8 Questions for Micheál Martin

What are three things you can’t live without?

As opposed to my wife and family. Let me think, fruit. A Munster final in both codes, I have to get an annual fix. And, thirdly, a swim in the sea.

What is your motto/advice that you live by?

To your own self be true.

Why did you become a politician?

It is a long story. I have always had an interest in current affairs and it evolved through that. Then I became very involved in UCC in student politics. And I think Northern Ireland was a catalyst for that interest because at the time I was born and when I was in my teenage years the northern problem was raging... and that sparked huge interest in my generation. And eventually I was asked would I run for local elections ... fundamentally politics is about making a difference to your community.

Ten years from now where will you be?

In Government.

Name four guests for your ideal dinner party?

Brendan Behan. [Sean] Lemass. Churchill. Hillary Clinton. And say Alan Shortt, he can do the entertainment.

What are you currently reading?

The best book I read in a long time was Let the Great World Spin, by Colum McCann. The best novel in a generation, it’s an extraordinary book. The last three years I picked up my reading an awful lot. There was a valley period for a while because you get so involved in politics and that is a danger for politicians. I am reading also The Race of a Lifetime, how Obama won the Whitehouse, and that is a great account of the election campaign.

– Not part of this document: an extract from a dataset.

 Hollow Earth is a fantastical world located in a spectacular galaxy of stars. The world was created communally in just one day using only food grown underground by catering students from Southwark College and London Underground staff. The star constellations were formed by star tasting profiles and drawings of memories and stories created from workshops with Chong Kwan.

What keeps you awake at night?

I generally get a good night’s sleep. I park politics and the issues of the day. It would have to be very serious issues, but other than that I tend to get a night’s sleep. The politics or the thought of Morning Ireland the next morning doesn’t put me off.

What is your funniest political memory?

There were some funny moments that weren’t funny at the time. During the Hillsborough (Stormont Assembly negotiations) we had some very funny moments when we were locked up in Hillsborough Castle.

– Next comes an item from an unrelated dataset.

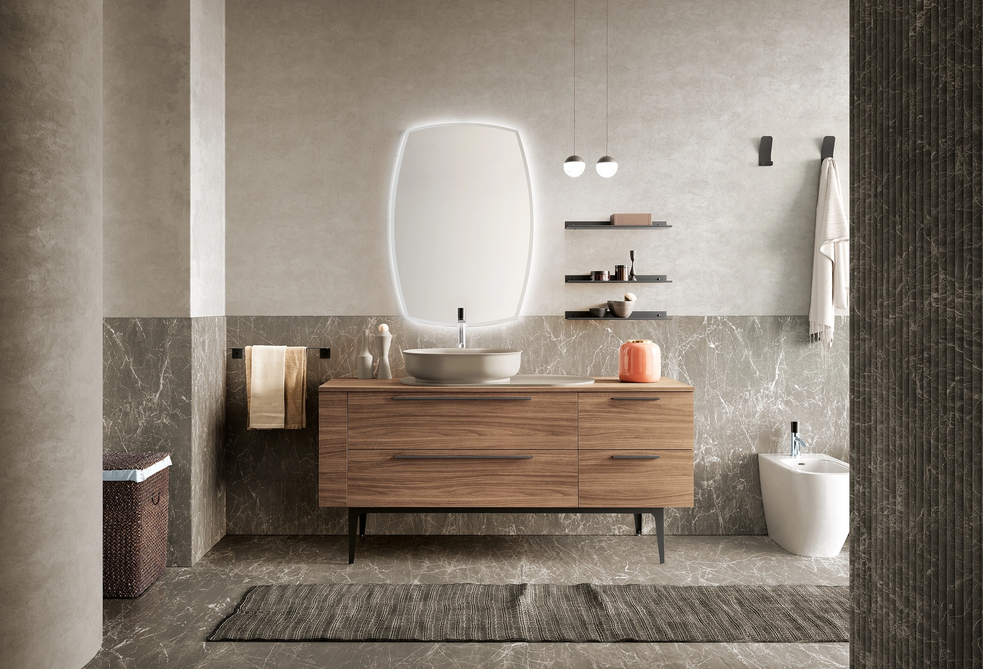 Arredo Bagno moderno Archeda: scegli questo modello in legno tra differenti proposte di mobili bagno da appoggio

Finding Gordon Brown’s stash of green and black chocolate bars, 70% cocoa, and sneaking a bar from him. He had about six bars there, apparently he is an addict of the stuff and I am too, I love my dark chocolate. At three in the morning ... I said, Jesus, who owns those chocolates.

And during those talks we thought we had a break through at five in the morning and I ended up in a furious row with Gerry Adams — all guns blazing.

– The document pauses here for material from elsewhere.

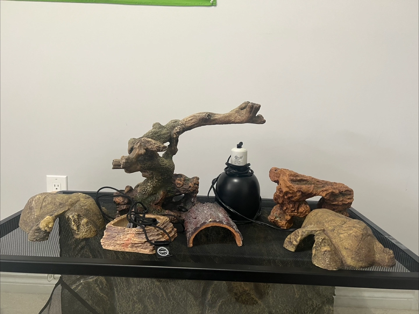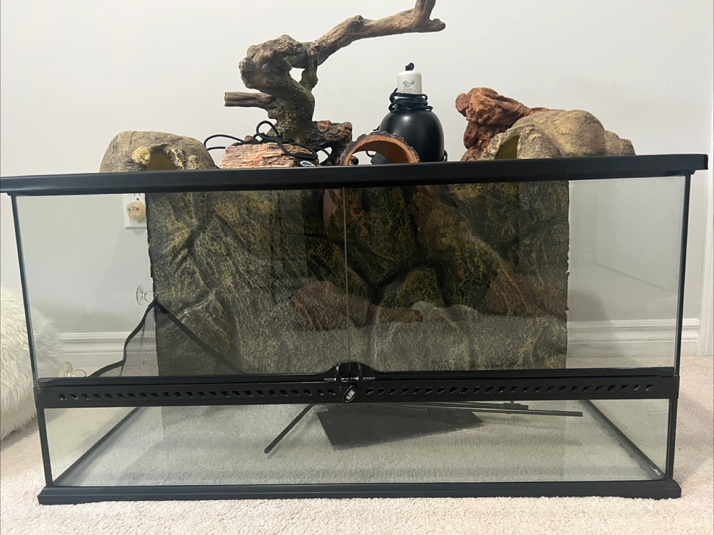 Selling a complete reptile habitat setup. Includes a terrarium, various decorative rocks and wood, and a heat lamp. Perfect for creating a comfortable and enriching environment for your reptile friend! The setup is in great condition and ready for a new home

Sean Woodward (Northern Irish secretary) witnessed it and said it was the most extraordinary thing ... it just shows if you deprive yourself of sleep there is going to be a blowout at some stage.

It was about three days before the end ... but I just let rip. It was funny looking back because it was people from different republican backgrounds getting hot and heavy. Sean Woodward thought it was very funny coming from the gentile British background he wouldn’t hear this type of language.